La peinture turquoise de la porte s’écaillait par endroit à force de subir les bourrasques de vent iodé venant du large, révélant le bois brut et délavé en dessous, et la poignée en cuivre était oxydée par le sel. Audessus de l’entrée, l’enseigne suspendue aux couleurs tout aussi passées annonçait en lettres alambiquées le nom de l’endroit ; Au Biloko.
Nea tourna la poignée, s’engouffrant à l’intérieur de la salle rehaussée de lourdes poutres de bois sombre, auxquelles étaient accrochés deux grands lustres rustiques en métal.

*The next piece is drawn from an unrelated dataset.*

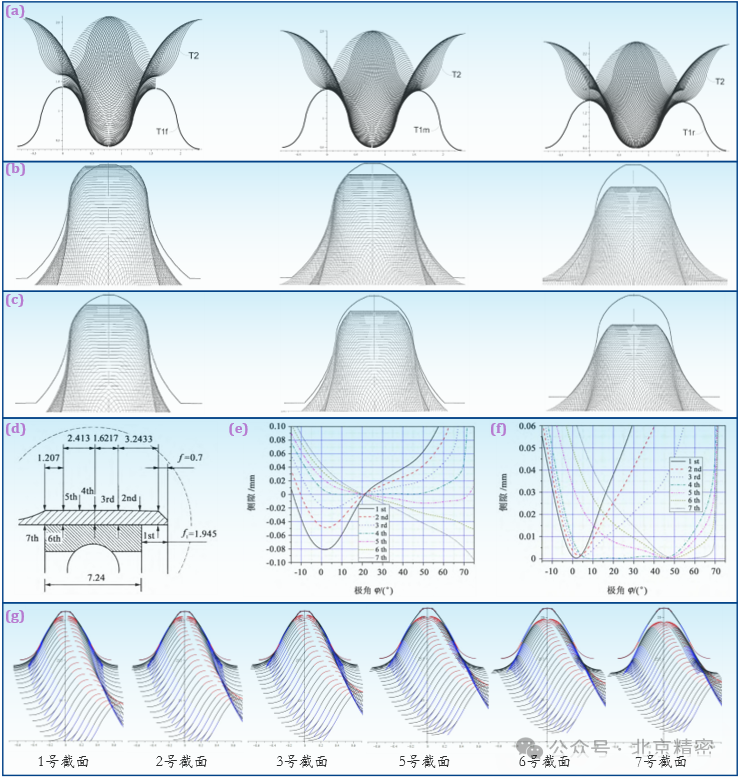 (3) 近似共軛的徑向變為修形三維齒形對柔輪齒形沿軸向做連續徑向變為修形也可以有效避免嚙合干涉。課題組以三圓弧齒廓為例進行了多截面連續徑向變為修形齒形的設計研究(圖7d),在修形前,除齒廓設計截面外,其余截面上都出現了不同程度的嚙合干涉(圖7e),修形后消除了嚙合干涉現象(圖7f)。同時,在徑向變為修形后,各個截面上柔輪與剛輪的嚙合齒對都處于近似共軛的嚙合狀態(圖7g)。徑向變位修形的齒形方案加工工藝成熟方便,是工程中應用最廣泛的方案。

La taverne était bondée de clients bruyants qui se pressaient les uns aux autres sur chaque espace disponible. Sur toute la salle du bas, sur les marches de l’escalier en bois qui menait au premier étage, et le long de la galerie qui desservait les quelques chambres d’appoint qu’offrait l’établissement. Une forte odeur d’alcool, de sueur et de sel flottait dans l’air.
Des bougies plantées dans des monticules d’ancienne cire illuminaient les visages exaltés, accentuant les contrastes de tous ces traits marqués par le soleil. Une peau grêlée, un œil manquant, ou une cicatrice impressionnante se révélait par instant sous les tricornes, au détour d’un regard.
Quelques silhouettes délicates se baladaient parmi tout cet étalage de testostérone—des corps voluptueux enveloppés de robes vaporeuses, des sourires charmeurs et charmants qui desservaient leurs courbes à des mains trop baladeuses et trop rustres la plupart du temps.
Des mains qui, si elles dépassaient trop les limites, se voyaient sans hésitation mises à la porte de l’établissement par la tenancière ; Madame Mirembe. Cette dernière surveillait ses filles d’un œil aguerri et protecteur, et ils étaient rares les hommes à oser l’affronter.
Il était insolite, voire même impensable, de voir débarquer un visage inconnu derrière les murs de la taverne. Ceux qui visitaient l’île restaient le plus souvent le long des rues principales, peu enclins à s’aventurer dans les nombreuses ruelles tortueuses de la ville.
Et pour cause.
Le Biloko avait depuis longtemps été revendiqué par toute la pire canaille qui pouvait débarquer sur Iliso. Ici, tant que l’on avait quelque chose à vendre, on trouvait toujours un acheteur potentiel. Le marché noir qui s’opérait discrètement à la lueur des bougies était presque aussi réputé que celui de la ville.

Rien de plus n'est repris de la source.